▸ **Collected data**
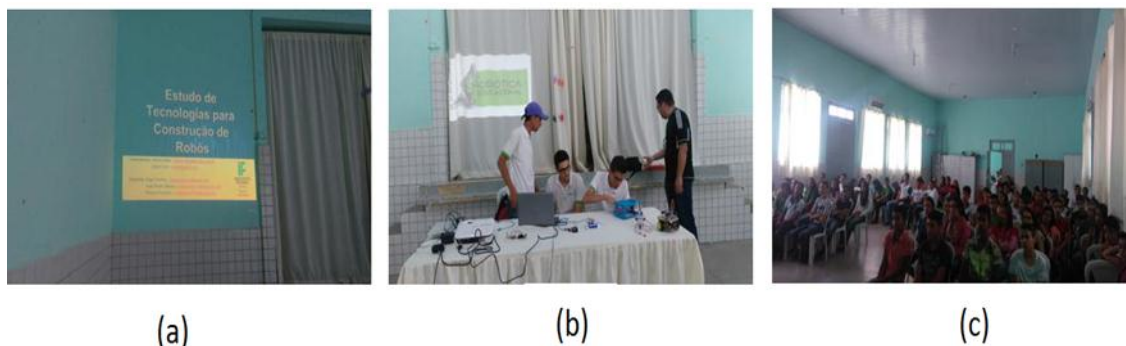
Figura 3 – Fotografia da apresentação da palestra dos alunos na escola pública municipal.

estimava-se cerca de 50 alunos, e, na realidade, estavam presentes 114 alunos e 8 professores (Figura 3-c).
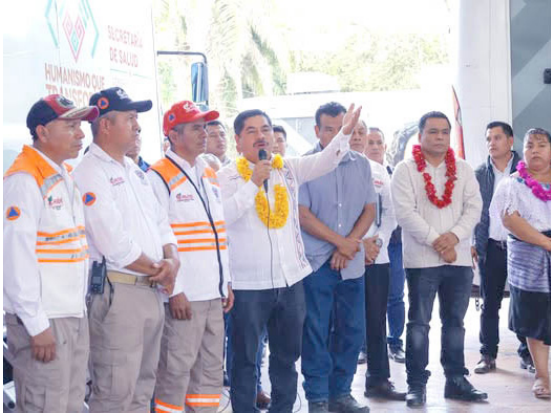
ES LA primera ocasión que este programa de atención médica gratuita llega hasta esta comunidad del municipio de Chilón.

Estas acciones forman parte del esfuerzo integral impulsado por la Secretaría de Salud de Chiapas, bajo
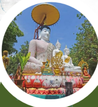
วัดรัตนเนตตาราม
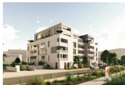
Les Hauts Romanets - Saint-Herblain

▸ **Activity**
Write out exactly the opening lines of the data, stopping after the line that holds "estimava-se cerca de". Exclude pictures.

▸ **Answer for this exercise**
Figura 3 – Fotografia da apresentação da palestra dos alunos na escola pública municipal.

estimava-se cerca de 50 alunos, e, na realidade, estavam presentes 114 alunos e 8 professores (Figura 3-c).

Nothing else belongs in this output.